> _Work request_
Reproduce the data exactly and drop any pictures it holds.

(Data provided Opens)

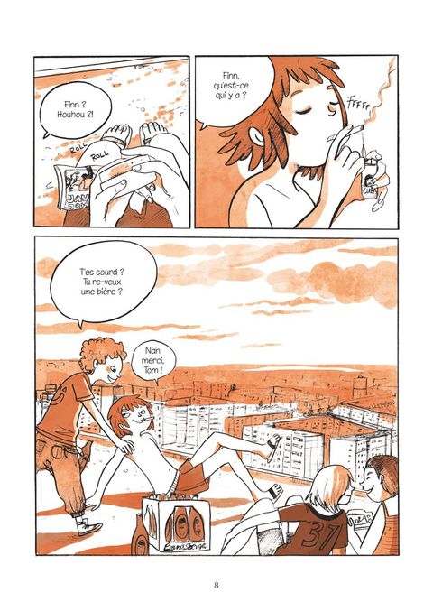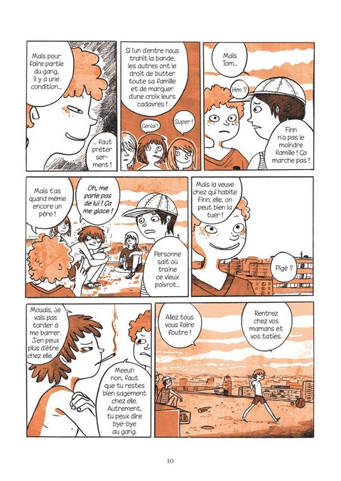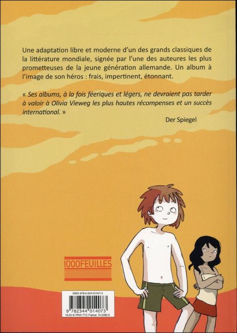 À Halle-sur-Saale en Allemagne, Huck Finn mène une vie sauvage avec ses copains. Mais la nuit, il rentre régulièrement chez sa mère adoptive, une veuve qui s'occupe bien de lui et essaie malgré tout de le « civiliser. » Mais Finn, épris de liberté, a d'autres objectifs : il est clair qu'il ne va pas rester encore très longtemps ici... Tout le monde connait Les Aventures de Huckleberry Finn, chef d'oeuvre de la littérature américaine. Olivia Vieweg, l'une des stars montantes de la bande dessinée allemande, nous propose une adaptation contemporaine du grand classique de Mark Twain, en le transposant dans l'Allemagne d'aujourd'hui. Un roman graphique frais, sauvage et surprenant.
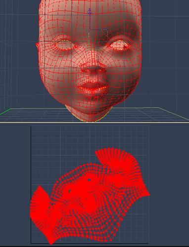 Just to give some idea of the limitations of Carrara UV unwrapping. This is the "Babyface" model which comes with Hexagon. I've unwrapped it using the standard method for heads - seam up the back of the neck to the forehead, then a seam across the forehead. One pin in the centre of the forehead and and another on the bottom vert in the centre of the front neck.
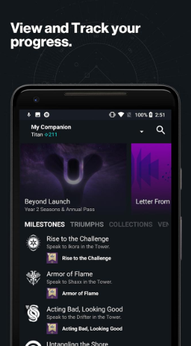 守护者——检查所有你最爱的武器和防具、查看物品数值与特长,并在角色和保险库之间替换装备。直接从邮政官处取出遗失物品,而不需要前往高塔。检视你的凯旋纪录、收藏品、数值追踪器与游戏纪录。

(Data provided Closes)

> _Written response_
 À Halle-sur-Saale en Allemagne, Huck Finn mène une vie sauvage avec ses copains. Mais la nuit, il rentre régulièrement chez sa mère adoptive, une veuve qui s'occupe bien de lui et essaie malgré tout de le « civiliser. » Mais Finn, épris de liberté, a d'autres objectifs : il est clair qu'il ne va pas rester encore très longtemps ici... Tout le monde connait Les Aventures de Huckleberry Finn, chef d'oeuvre de la littérature américaine. Olivia Vieweg, l'une des stars montantes de la bande dessinée allemande, nous propose une adaptation contemporaine du grand classique de Mark Twain, en le transposant dans l'Allemagne d'aujourd'hui. Un roman graphique frais, sauvage et surprenant.
 Just to give some idea of the limitations of Carrara UV unwrapping. This is the "Babyface" model which comes with Hexagon. I've unwrapped it using the standard method for heads - seam up the back of the neck to the forehead, then a seam across the forehead. One pin in the centre of the forehead and and another on the bottom vert in the centre of the front neck.
 守护者——检查所有你最爱的武器和防具、查看物品数值与特长,并在角色和保险库之间替换装备。直接从邮政官处取出遗失物品,而不需要前往高塔。检视你的凯旋纪录、收藏品、数值追踪器与游戏纪录。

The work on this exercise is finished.